WORK ITEM
Transcribe the data as written, minus images.

DATA BLOCK

%%

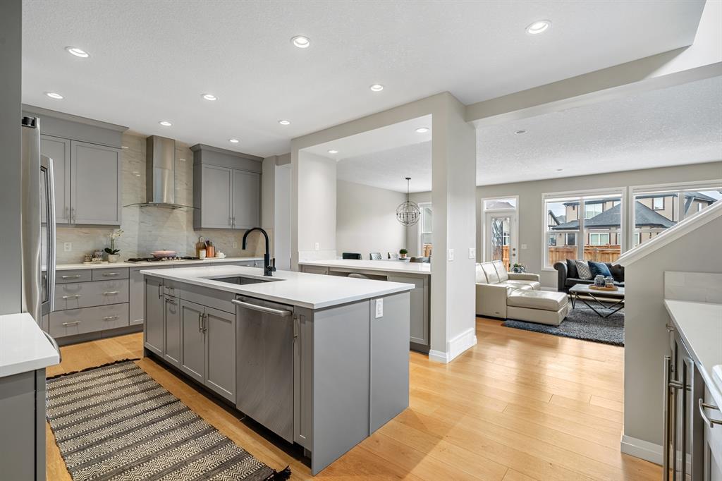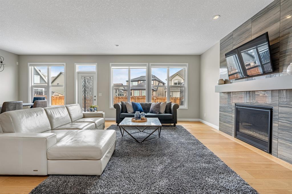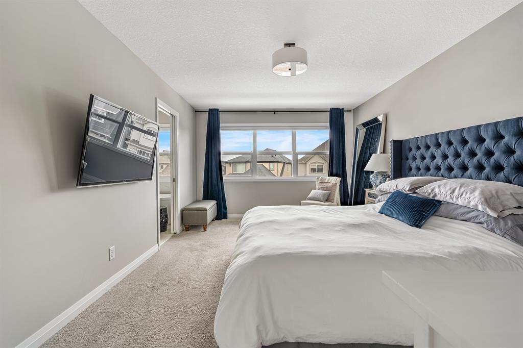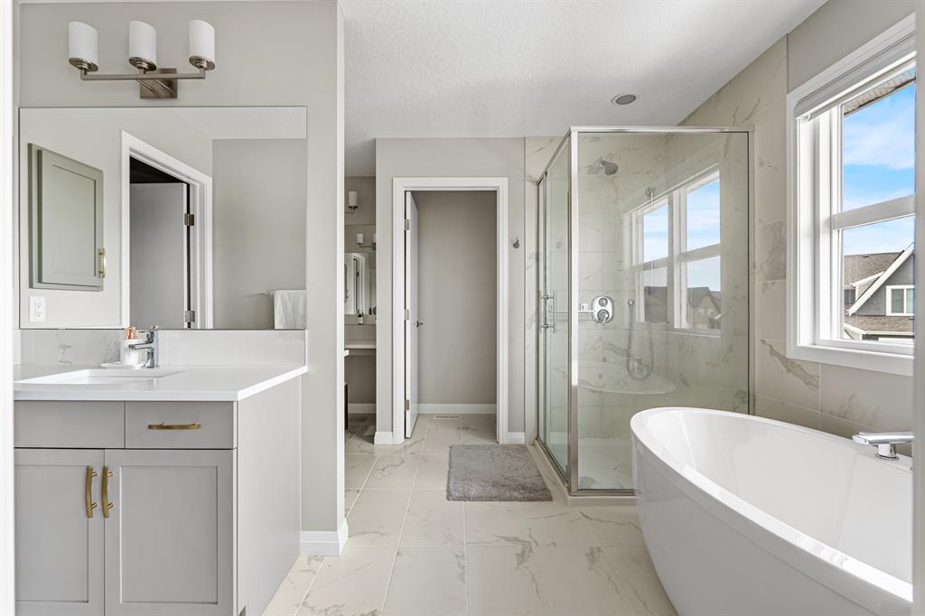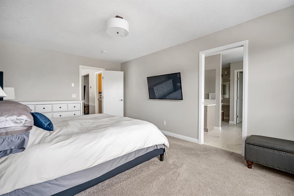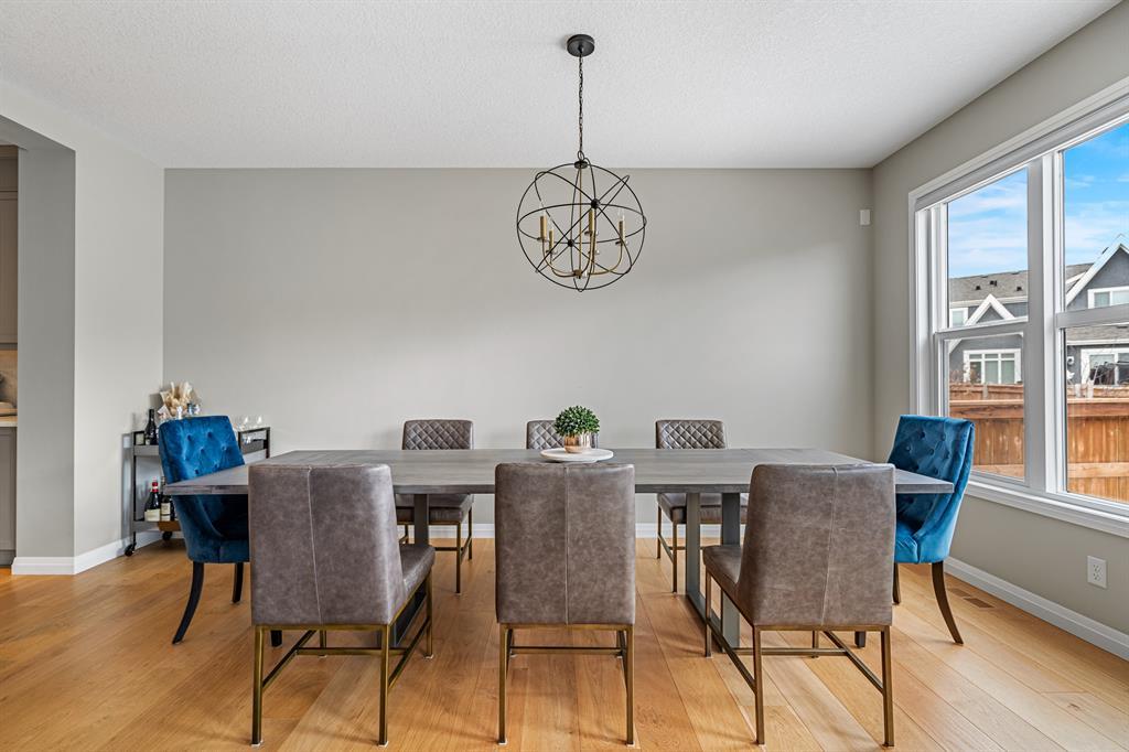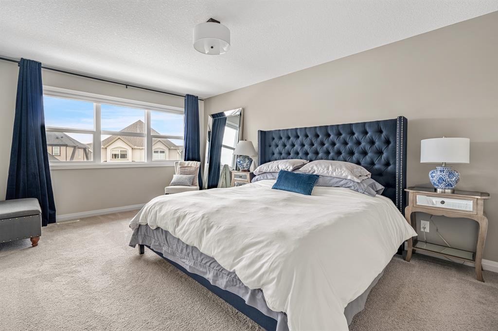 Welcome to 10 Masters Place SE, an immaculate Jayman Built Lauren model home, offering 3 bedrooms and 2.5 bathrooms in the beloved community of Mahogany. Get ready to spend your summer by the lake once you call this one home! Offering 2,637 square feet, you are sure to be impressed by the luxury and elegance found throughout this well designed home. The kitchen is truly the heart of this home, featuring dual islands, built-in appliances, and a dry bar/beverage centre, all perfect for entertaining. High-end finishings include quartz countertops, designer backsplash tile, silgranit sink and ceiling height cabinets. The dining and living room areas are spacious and bright, with the living area featuring a gas fireplace with floor to ceiling tile as the focal point of the room. Engineered hardwood floors and 9 foot ceilings flow throughout the main floor. This level also includes a 2 piece bathroom tucked away from the living space, a large entryway, and walk-through mudroom and pantry. Upstairs, the primary suite is truly a 5 star retreat. The ensuite features separate his and hers vanities and walk-in closets, meaning no more fighting over counter or closet space! There is also a separate designated makeup vanity. The larger walk-in closet connects to the laundry room for the ultimate convenience. Enjoy the spa-like feel of the bathroom while you soak away the stress of the week in your freestanding tub. The two secondary bedrooms are spacious and located at the front of the upper level, sharing a 5 piece bathroom. The central bonus room is the perfect spot to gather for family movie night! Outside, you will appreciate the low maintenance landscaping so you have more time to savor the warm evenings on your back deck and backyard. Be sure to check out the 3-D tour for the full experience! Mahogany Lake offers true recreation all year round, including kayaking and paddle boarding in the summer, and skating and ice hockey in the winter. Come and be a part of Cal gary’s best lake community in this perfect family home! Close to shopping, restaurants, schools. (id:22211)
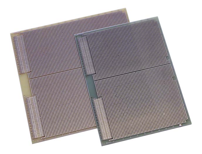 ●トランジスタからIC、LSIまで、あらゆる部品が実装できるよう2.54mmピッチ間隔で孔あけ加工されており、孔は全機種ともスルーホールとなっています。
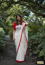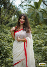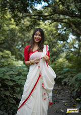 Buttery soft, handloom pure semi-translucent cotton saree, adorned with cute braided tassles.

%%

SOLUTION FOR THIS EXERCISE
 Welcome to 10 Masters Place SE, an immaculate Jayman Built Lauren model home, offering 3 bedrooms and 2.5 bathrooms in the beloved community of Mahogany. Get ready to spend your summer by the lake once you call this one home! Offering 2,637 square feet, you are sure to be impressed by the luxury and elegance found throughout this well designed home. The kitchen is truly the heart of this home, featuring dual islands, built-in appliances, and a dry bar/beverage centre, all perfect for entertaining. High-end finishings include quartz countertops, designer backsplash tile, silgranit sink and ceiling height cabinets. The dining and living room areas are spacious and bright, with the living area featuring a gas fireplace with floor to ceiling tile as the focal point of the room. Engineered hardwood floors and 9 foot ceilings flow throughout the main floor. This level also includes a 2 piece bathroom tucked away from the living space, a large entryway, and walk-through mudroom and pantry. Upstairs, the primary suite is truly a 5 star retreat. The ensuite features separate his and hers vanities and walk-in closets, meaning no more fighting over counter or closet space! There is also a separate designated makeup vanity. The larger walk-in closet connects to the laundry room for the ultimate convenience. Enjoy the spa-like feel of the bathroom while you soak away the stress of the week in your freestanding tub. The two secondary bedrooms are spacious and located at the front of the upper level, sharing a 5 piece bathroom. The central bonus room is the perfect spot to gather for family movie night! Outside, you will appreciate the low maintenance landscaping so you have more time to savor the warm evenings on your back deck and backyard. Be sure to check out the 3-D tour for the full experience! Mahogany Lake offers true recreation all year round, including kayaking and paddle boarding in the summer, and skating and ice hockey in the winter. Come and be a part of Cal gary’s best lake community in this perfect family home! Close to shopping, restaurants, schools. (id:22211)
 ●トランジスタからIC、LSIまで、あらゆる部品が実装できるよう2.54mmピッチ間隔で孔あけ加工されており、孔は全機種ともスルーホールとなっています。
 Buttery soft, handloom pure semi-translucent cotton saree, adorned with cute braided tassles.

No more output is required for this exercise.